'Measure for Measure' is one of Shakespeare’s 'problem' plays - if that's an appropriate way to describe it. Although most often pigeon-holed as a comedy, it's not exactly full of jokes, and is often more appropriately defined as a tragi-comedy. Its central themes cover mercy and justice, deceit, mistaken identity (always a favourite Shakespearian device), and poses a considerable number of important moral and social questions without providing any real answers.
Vincentio, Duke of Vienna decides (for reasons which are never explained) to take a short sabbatical from his ducal responsibilities. Before departing in the ducal 'chopper ' (complete with deafening engine noise and brilliant lights) he hands the reigns of power to his loyal and trusted sidekick, Angelo (Angus Wright). No sooner is the Duke airborne than the puritanical Angelo sets about sorting out some of the permissive and promiscuous behaviour which is rife in the duchy.
First up for a dose of Angelo's swift justice is Claudio who's got his girlfriend pregnant prior to the nuptials, and is summarily sentenced to death (a somewhat harsh sentence, even by Elizabethan or Jacobean standards). Claudio asks his sister, Isabella, to plead with Lord Angelo for his life. Angelo finds himself sexually aroused by Isabella (who happens to be a novice in a local nunnery) and offers to save her brother's life, if she will have sex with him. Isabella is horrified. However, the Duke is on hand in disguise as a monk to manipulate events and manages to save Claudio and expose Angelo's hypocrisy.
This production of 'Measure for Measure' caused something of a stir when it premiered at the National Theatre in May 2004. Produced jointly by the National Theatre and Complicite, it returns after a tour which took in Europe and India. Some recasting has been effected since the original version - most notable is that the play's director, Simon McBurney, now takes the lead as Duke of Vienna.
Almost literally romping through the script, 'Measure for Measure' runs at a blistering pace and without the benefit of an interval to pause for breath. But given that almost all of the scenes 'flow' into and blend with each other (the actors for new scenes start appearing on stage before the previous scene ends) it would have broken the overall progression to break the play for an interval.

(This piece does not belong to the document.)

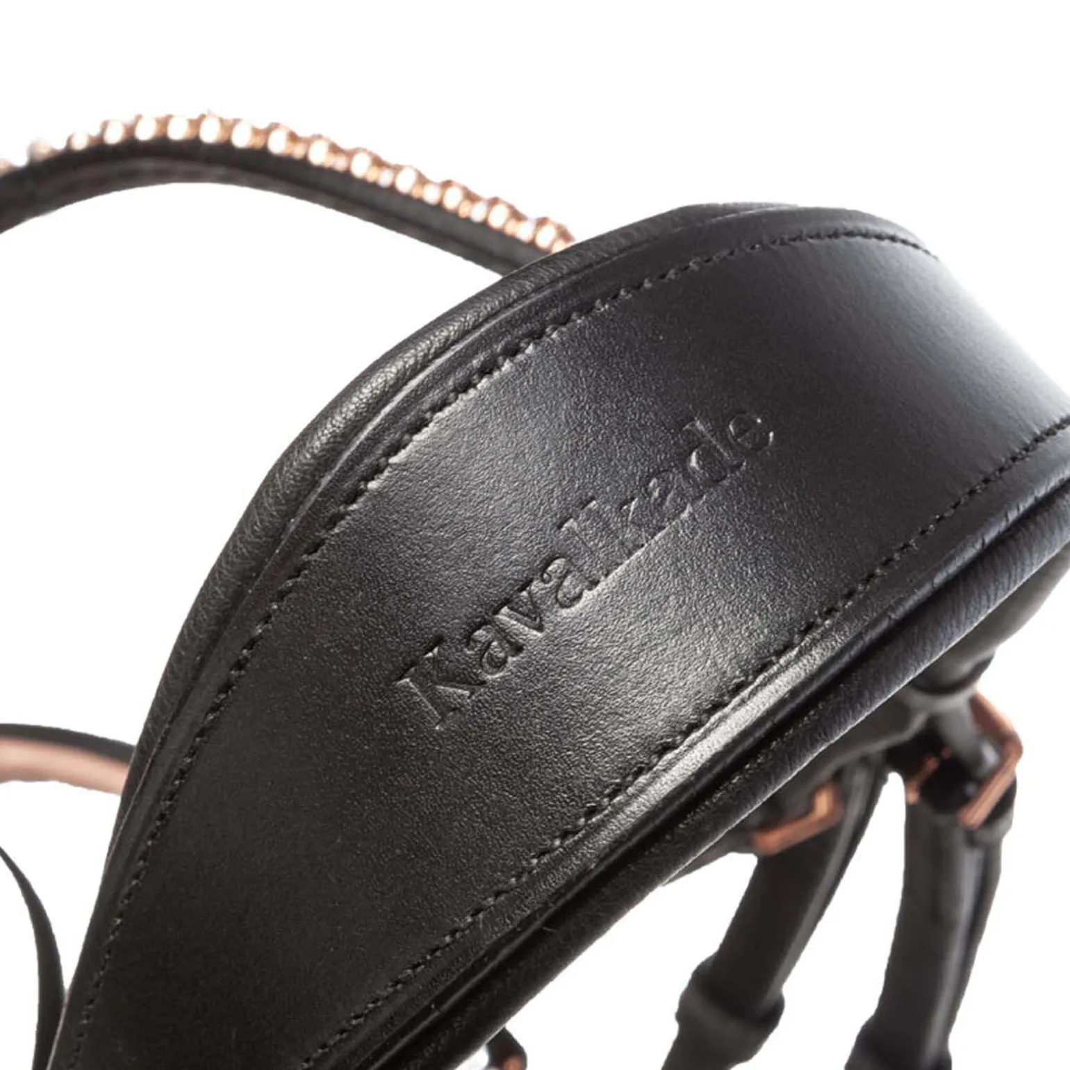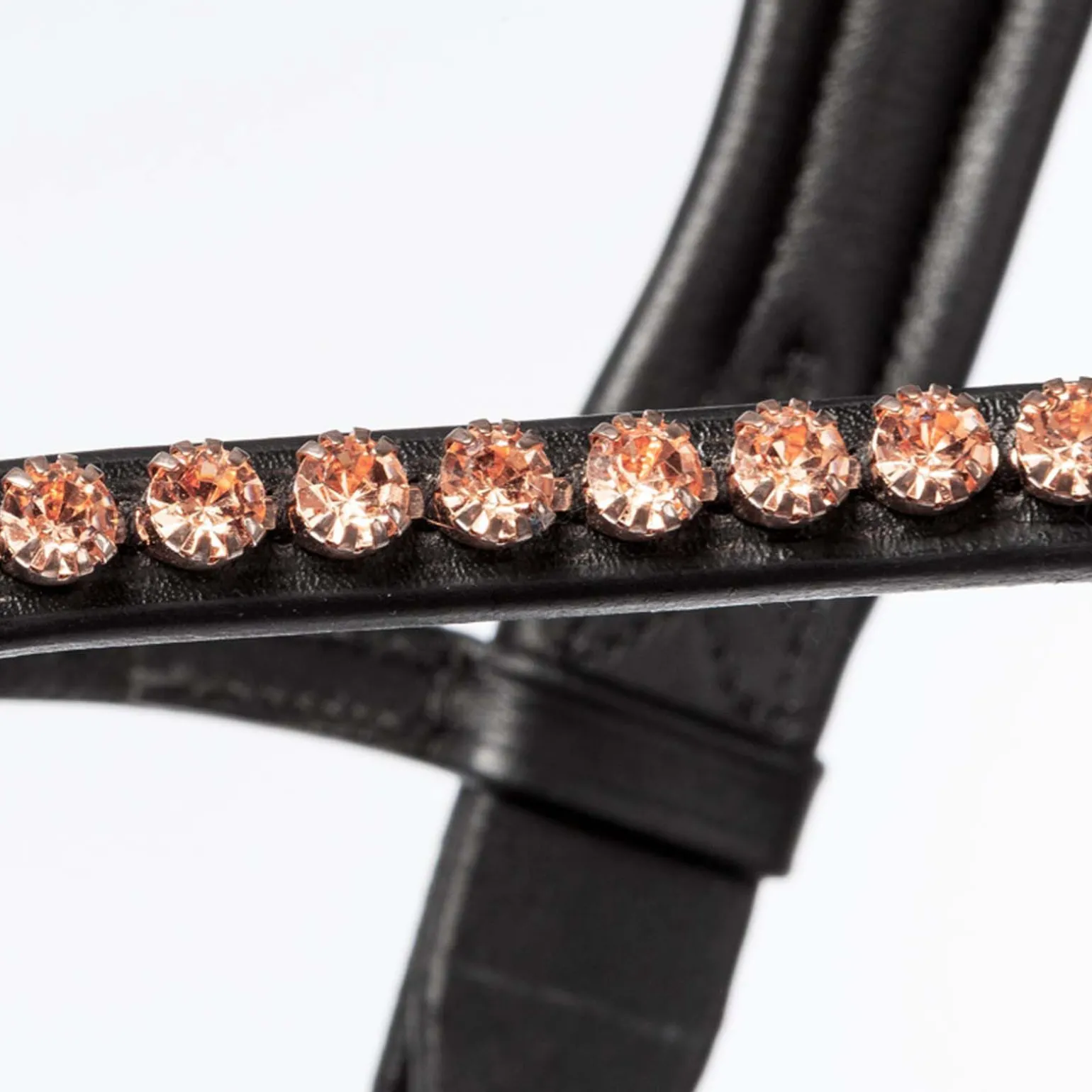 - Svensk kombinasjonsnesereim, justerbar på begge sider. Normalt buet pannebånd med rosa pyntesteiner. Anatomisk, ekstra bred nesereim. Nesereimen er mykt fôret, konisk og i rosé. Avtakbar flash-nesereim. Gummidekte tøyler med stoppere (16mm).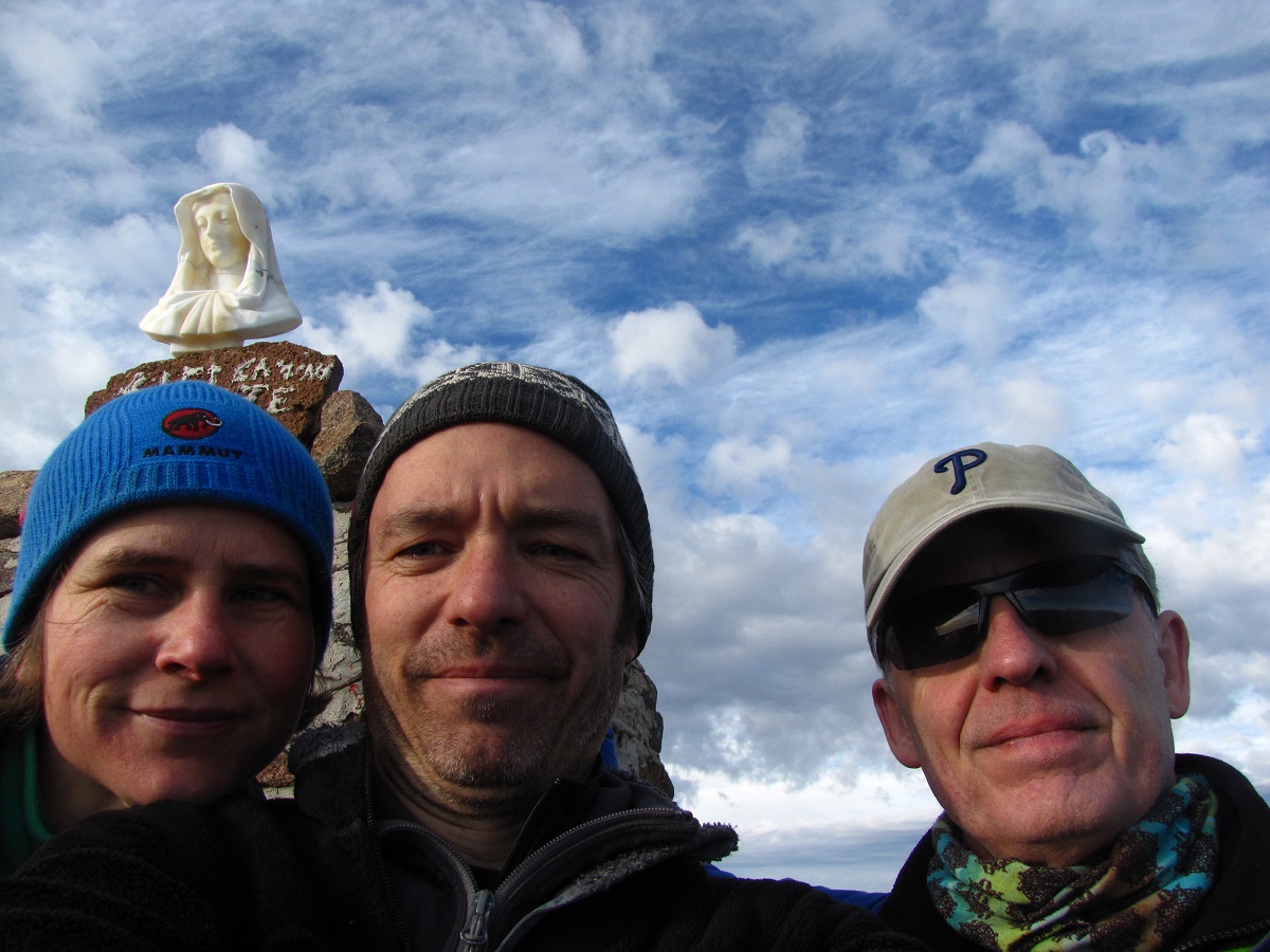 Subimos el sábado y como el pronóstico del tiempo para el domingo no estaba bueno, pasamos a la cumbre antes de llegar al refugio Casa de Piedra. La cumbre es una gran planicie, en medio de la cual los arrieros pusieron una imagen de la virgen. El ascenso desde Catemu es largo, pero vale la pena. Da para quedarse unos días más y recorrer el filo hacia el Chache y hacia el Caquicito. Es increíble que haya un refugio tan antiguo a esta altura.

Designer Tom Pye, presents an austere, bare, sloping acting area, with shallow steps at either side from which video cameras capture the action and transmit it to a number of overhead screens. This video, together with lighting that has a severe, steely edge to it and echoing sound effects, lends the whole production a kind of techno, 'Big Brother' feel to it. Not only does it connect with the intrusive TV show 'Big Brother' which monitors housemates continually through video, but there are also similarities with the original idea of 'Big Brother' found in George Orwell's novel, '1984'. And with images of George Bush projected onto the background, secret-service types with sunglasses to guard a Duke who wears military uniform, this is a vision of 'Measure for Measure' not only brought bang-up-to-date, but also with the trappings of military dictatorship, rather than benevolent governance.
I think the pace of the production causes one or two of the actors to rush or garble their lines a little, but overall it’s well acted, though not exceptional. Ajay Naidu’s comic timing and ill-considered cockiness was certainly effective as Lucio, and Anamaria Marinca’s Mariana moved the audience with her (real) tears as she pleaded for Angelo’s life.
Simon McBurney obviously knows his production well, but that alone is not sufficient justification for him taking the lead. In some ways, it's not proved a totally satisfactory decision because his voice is rather weak and lacks the essential authority and power, particularly when it needs to rise above the noise of helicopter engines and other sound effects. And he seemed too old to be offering his hand in marriage to Isabella at the end of the play. Admittedly, this proposal is always a tricky element to handle because it's a bolt out of the blue, and mimics Angelo's behaviour towards Isabella earlier on, rather than being a ‘loving’ gesture.
Well-received on its first airing in 2004, this pretty radical re-think of 'Measure for Measure' is both enjoyable and thought-provoking. It’s dynamic pace certainly makes it more intriguing and stimulating than many other productions I’ve seen. But its very difference also leaves one questioning the rationale of the approach which McBurney and his team have adopted. In a way, they’ve provided no answers to the contentious questions which Shakespeare’s story provokes, and in doing it this way, they’ve introduced a whole lot more of their own.